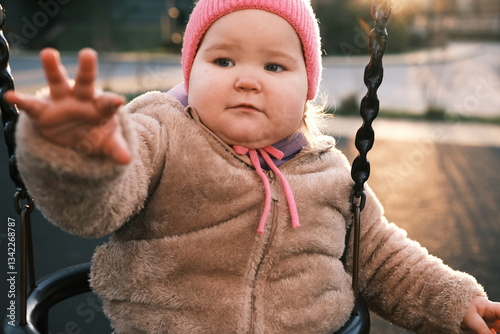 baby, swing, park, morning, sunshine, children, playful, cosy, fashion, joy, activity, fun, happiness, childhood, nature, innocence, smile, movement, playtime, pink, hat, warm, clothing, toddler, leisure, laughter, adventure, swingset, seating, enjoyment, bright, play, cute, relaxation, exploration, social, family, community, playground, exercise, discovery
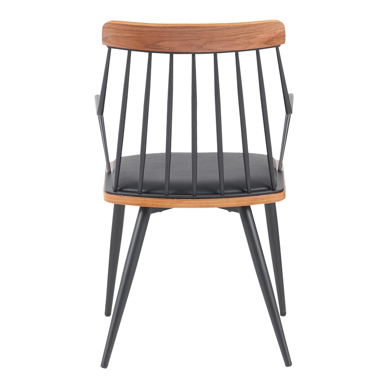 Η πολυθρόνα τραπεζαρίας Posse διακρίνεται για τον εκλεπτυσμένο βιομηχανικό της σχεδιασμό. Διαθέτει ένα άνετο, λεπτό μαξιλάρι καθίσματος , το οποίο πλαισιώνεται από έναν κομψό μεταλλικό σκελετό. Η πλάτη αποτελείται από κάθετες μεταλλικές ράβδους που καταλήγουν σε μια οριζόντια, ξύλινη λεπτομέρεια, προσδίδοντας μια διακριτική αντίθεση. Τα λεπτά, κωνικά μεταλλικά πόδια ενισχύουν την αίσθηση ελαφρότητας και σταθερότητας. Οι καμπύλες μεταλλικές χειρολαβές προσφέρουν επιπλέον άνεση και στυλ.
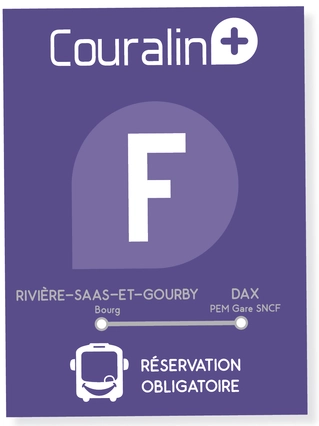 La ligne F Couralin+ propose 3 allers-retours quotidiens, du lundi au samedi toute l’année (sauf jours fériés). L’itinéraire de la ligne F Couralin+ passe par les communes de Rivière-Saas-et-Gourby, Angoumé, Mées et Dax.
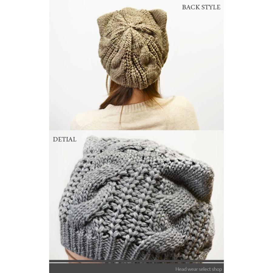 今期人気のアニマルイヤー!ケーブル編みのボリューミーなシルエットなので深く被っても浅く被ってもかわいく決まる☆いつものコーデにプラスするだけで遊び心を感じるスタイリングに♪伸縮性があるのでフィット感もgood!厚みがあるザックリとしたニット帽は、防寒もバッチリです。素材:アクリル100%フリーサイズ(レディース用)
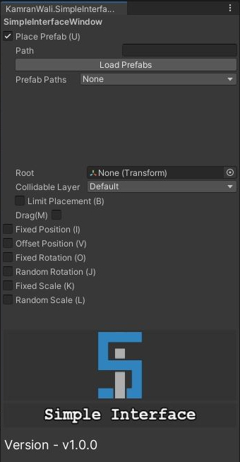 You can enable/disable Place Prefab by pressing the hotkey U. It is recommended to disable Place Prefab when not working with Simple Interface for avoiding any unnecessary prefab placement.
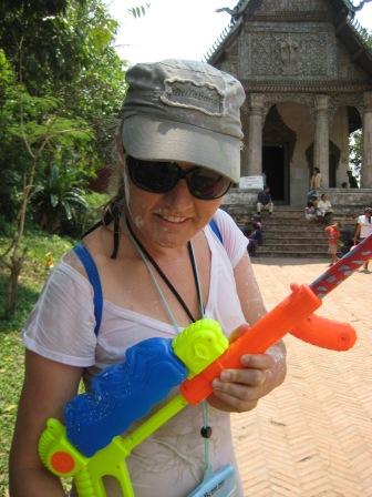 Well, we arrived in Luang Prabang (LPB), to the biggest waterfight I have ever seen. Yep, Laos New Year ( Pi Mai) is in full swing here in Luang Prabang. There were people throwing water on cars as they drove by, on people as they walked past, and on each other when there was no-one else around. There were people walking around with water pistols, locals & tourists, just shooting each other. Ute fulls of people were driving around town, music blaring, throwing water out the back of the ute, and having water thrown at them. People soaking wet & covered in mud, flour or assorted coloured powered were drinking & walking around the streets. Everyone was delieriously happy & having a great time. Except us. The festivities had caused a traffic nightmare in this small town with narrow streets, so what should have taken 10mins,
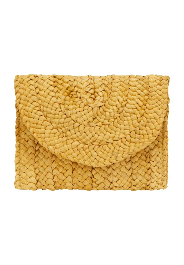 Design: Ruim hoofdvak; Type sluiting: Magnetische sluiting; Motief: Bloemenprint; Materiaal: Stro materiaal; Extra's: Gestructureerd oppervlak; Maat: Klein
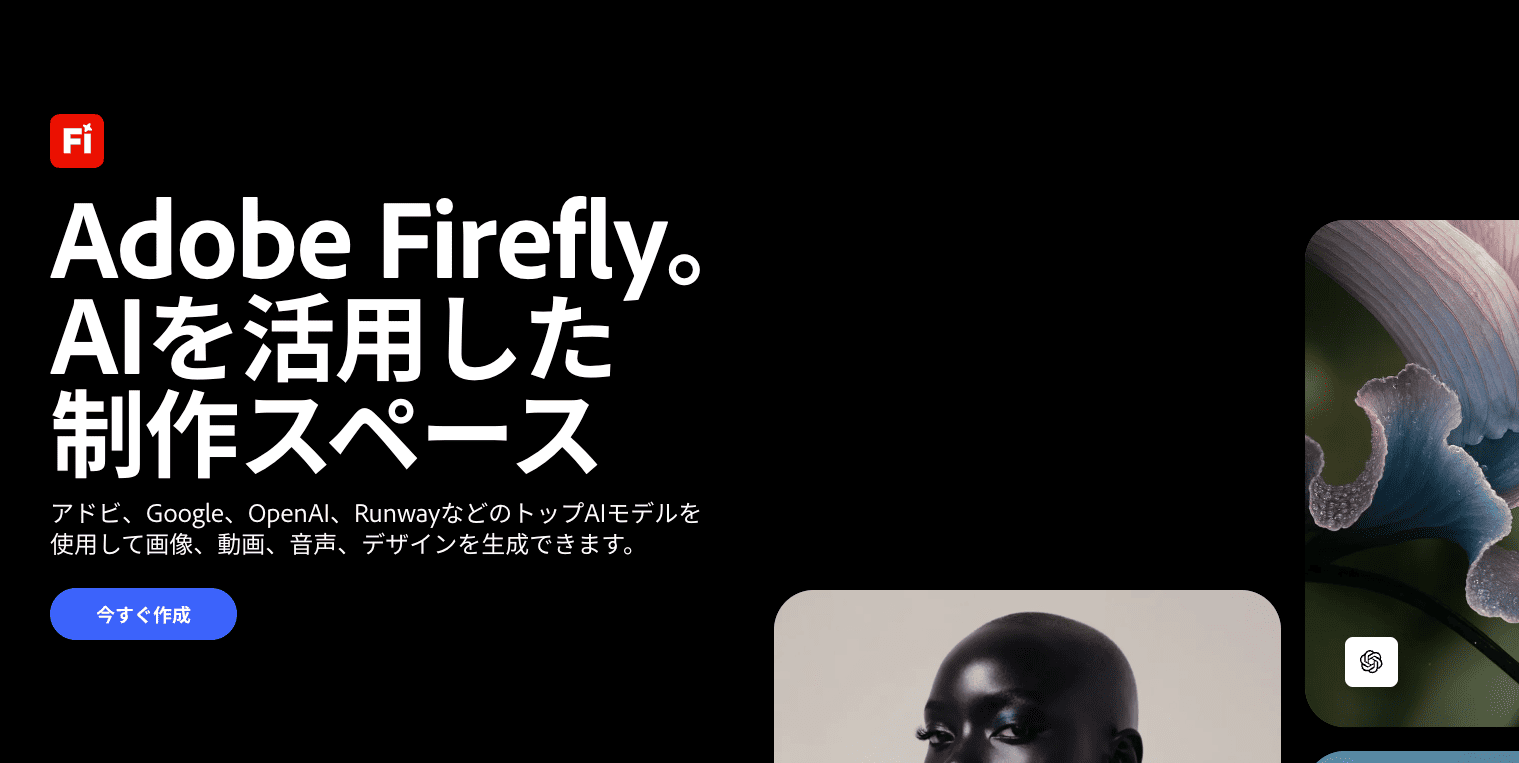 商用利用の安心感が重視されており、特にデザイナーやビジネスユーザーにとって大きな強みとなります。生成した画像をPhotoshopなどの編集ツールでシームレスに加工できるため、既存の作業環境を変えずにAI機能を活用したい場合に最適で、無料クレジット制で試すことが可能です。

________

» Instructions for the task: Restate word for word, please, the line containing "Design: Ruim hoofdvak;" and all lines after it through the end of the material; the pictures do not belong in the copy.

» Your solution:
 Design: Ruim hoofdvak; Type sluiting: Magnetische sluiting; Motief: Bloemenprint; Materiaal: Stro materiaal; Extra's: Gestructureerd oppervlak; Maat: Klein
 商用利用の安心感が重視されており、特にデザイナーやビジネスユーザーにとって大きな強みとなります。生成した画像をPhotoshopなどの編集ツールでシームレスに加工できるため、既存の作業環境を変えずにAI機能を活用したい場合に最適で、無料クレジット制で試すことが可能です。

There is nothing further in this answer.